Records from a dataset
▼

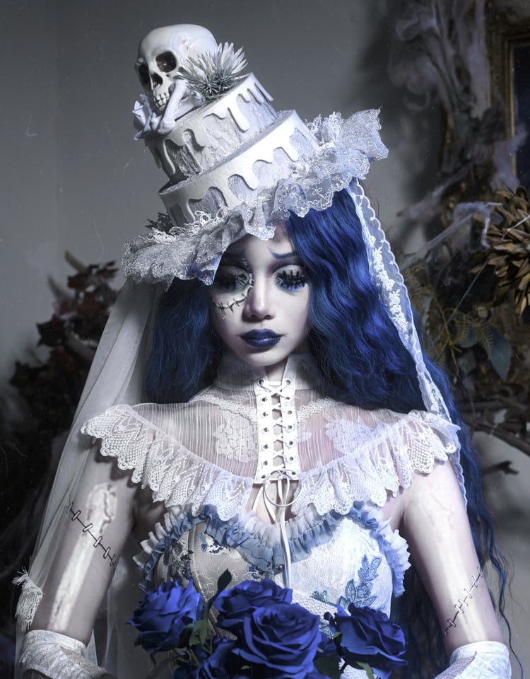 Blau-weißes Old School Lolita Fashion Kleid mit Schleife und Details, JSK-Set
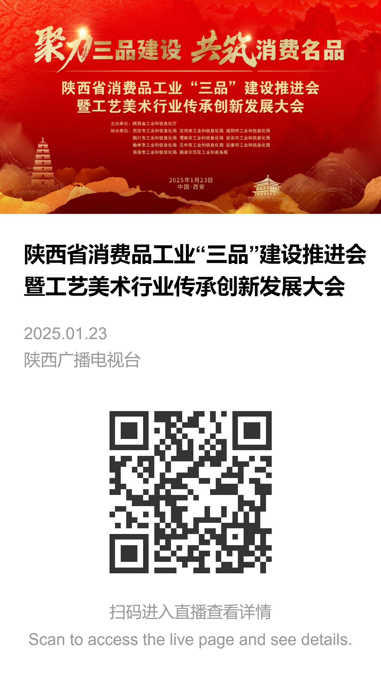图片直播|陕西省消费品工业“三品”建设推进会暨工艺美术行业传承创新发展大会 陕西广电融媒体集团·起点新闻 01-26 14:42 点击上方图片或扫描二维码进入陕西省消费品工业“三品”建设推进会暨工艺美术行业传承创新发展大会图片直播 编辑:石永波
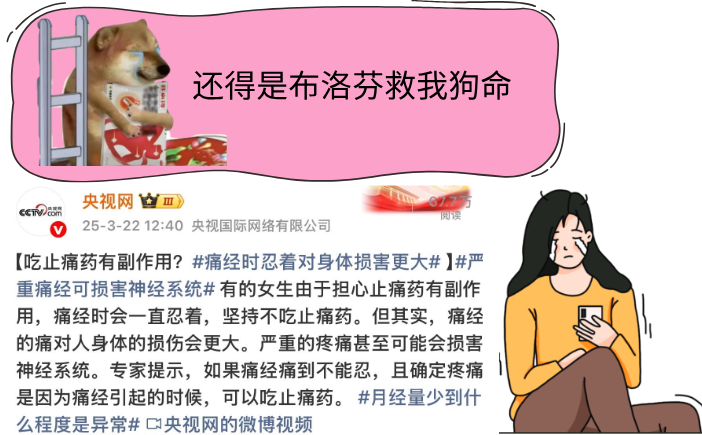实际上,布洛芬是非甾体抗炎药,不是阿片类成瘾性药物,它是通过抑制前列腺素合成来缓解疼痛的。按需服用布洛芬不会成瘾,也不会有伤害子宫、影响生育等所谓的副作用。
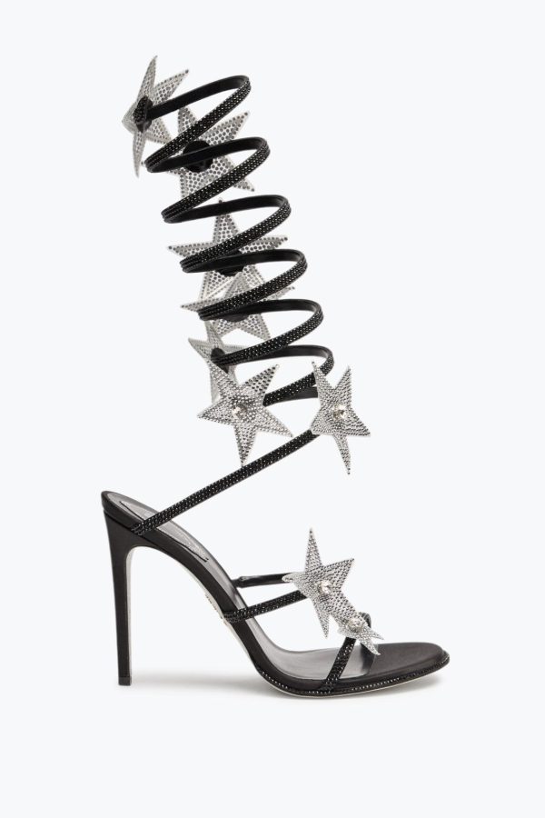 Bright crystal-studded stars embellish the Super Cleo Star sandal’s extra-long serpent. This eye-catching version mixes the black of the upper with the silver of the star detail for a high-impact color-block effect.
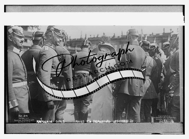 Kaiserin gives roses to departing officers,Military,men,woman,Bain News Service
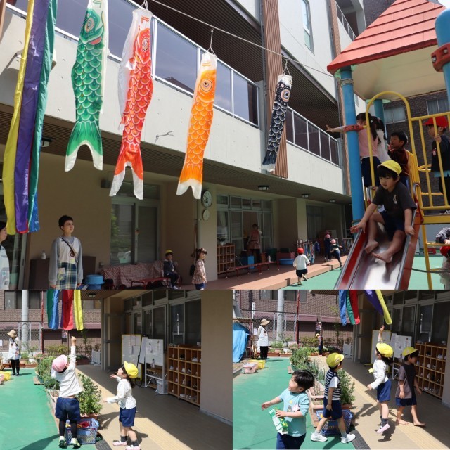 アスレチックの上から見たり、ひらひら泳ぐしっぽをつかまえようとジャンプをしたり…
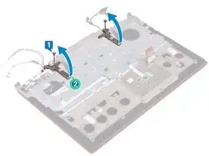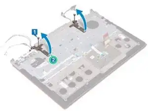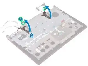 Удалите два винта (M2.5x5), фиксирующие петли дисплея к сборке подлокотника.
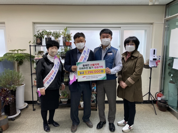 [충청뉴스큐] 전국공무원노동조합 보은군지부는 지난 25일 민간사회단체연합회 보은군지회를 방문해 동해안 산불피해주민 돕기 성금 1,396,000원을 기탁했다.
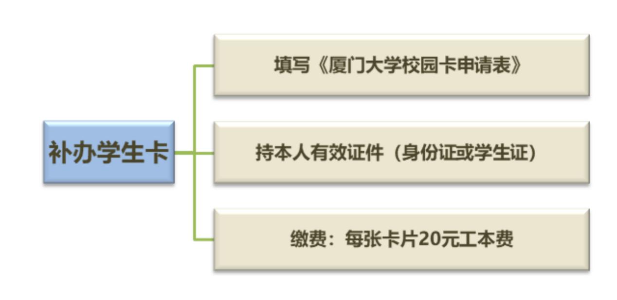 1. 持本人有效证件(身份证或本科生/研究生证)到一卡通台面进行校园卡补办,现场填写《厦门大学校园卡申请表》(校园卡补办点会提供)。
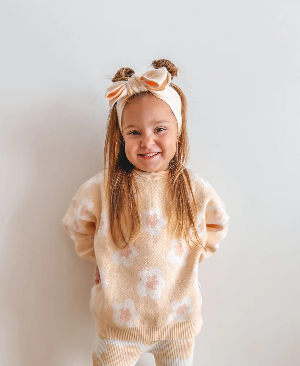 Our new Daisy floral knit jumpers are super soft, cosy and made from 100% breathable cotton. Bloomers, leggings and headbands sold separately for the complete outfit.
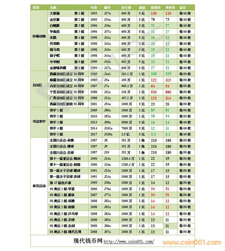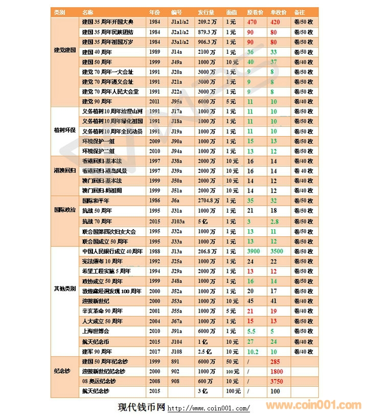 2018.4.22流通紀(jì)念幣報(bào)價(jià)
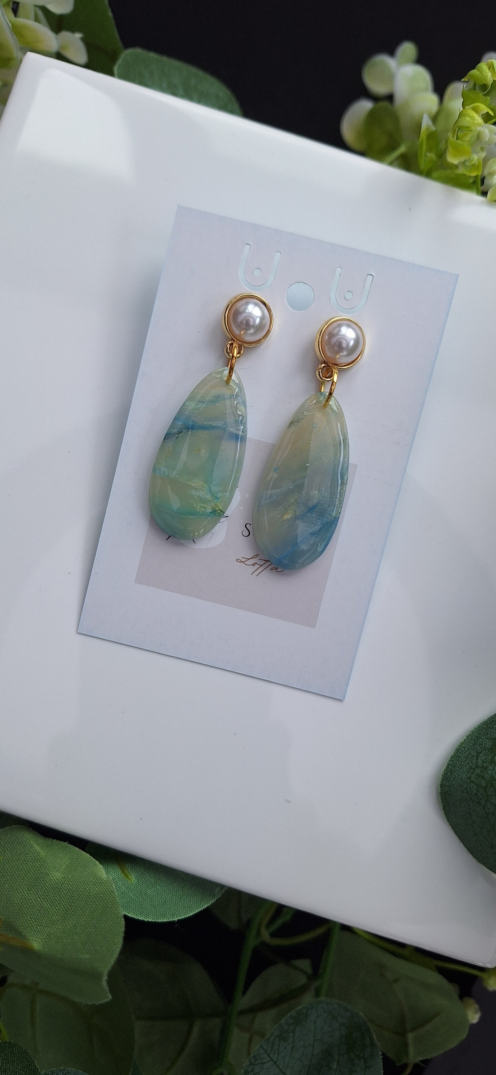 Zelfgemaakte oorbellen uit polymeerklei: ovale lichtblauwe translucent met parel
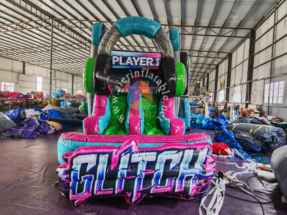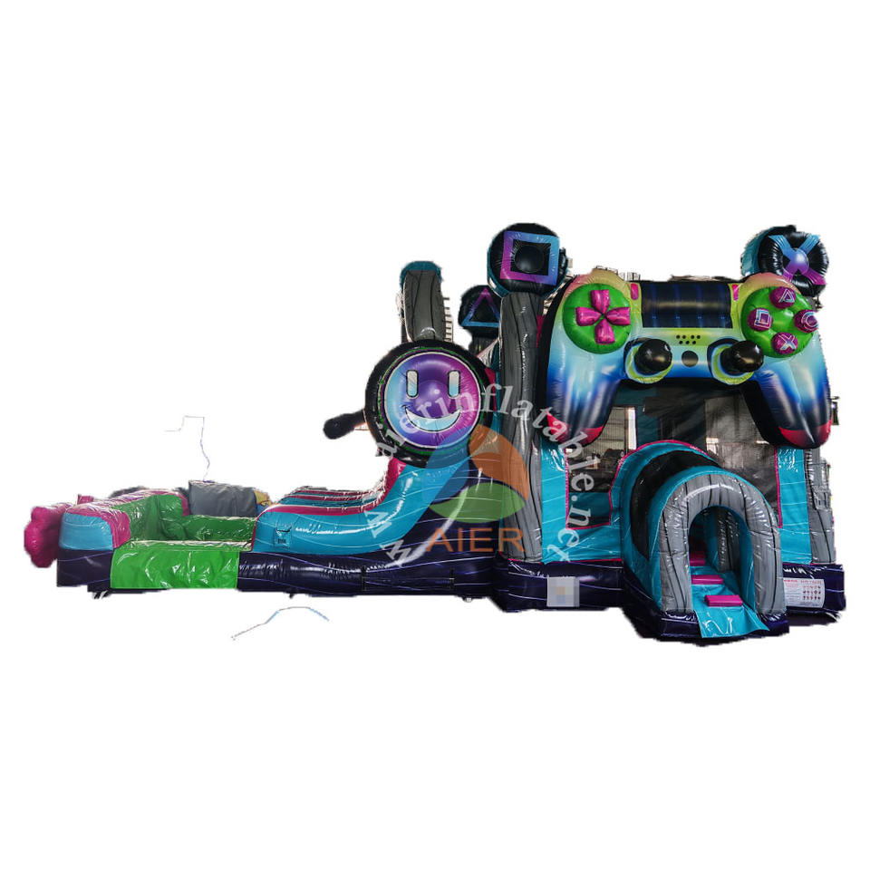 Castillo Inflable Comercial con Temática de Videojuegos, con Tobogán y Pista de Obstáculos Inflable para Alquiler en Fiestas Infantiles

▲

WHAT YOU NEED TO DO
Although pictures appear among the records above, write out exactly only the lines from the one that has "Удалите два винта" through the one that has "Zelfgemaakte oorbellen uit", and leave the pictures out.

THE ANSWER
 Удалите два винта (M2.5x5), фиксирующие петли дисплея к сборке подлокотника.
 [충청뉴스큐] 전국공무원노동조합 보은군지부는 지난 25일 민간사회단체연합회 보은군지회를 방문해 동해안 산불피해주민 돕기 성금 1,396,000원을 기탁했다.
 1. 持本人有效证件(身份证或本科生/研究生证)到一卡通台面进行校园卡补办,现场填写《厦门大学校园卡申请表》(校园卡补办点会提供)。
 Our new Daisy floral knit jumpers are super soft, cosy and made from 100% breathable cotton. Bloomers, leggings and headbands sold separately for the complete outfit.
 2018.4.22流通紀(jì)念幣報(bào)價(jià)
 Zelfgemaakte oorbellen uit polymeerklei: ovale lichtblauwe translucent met parel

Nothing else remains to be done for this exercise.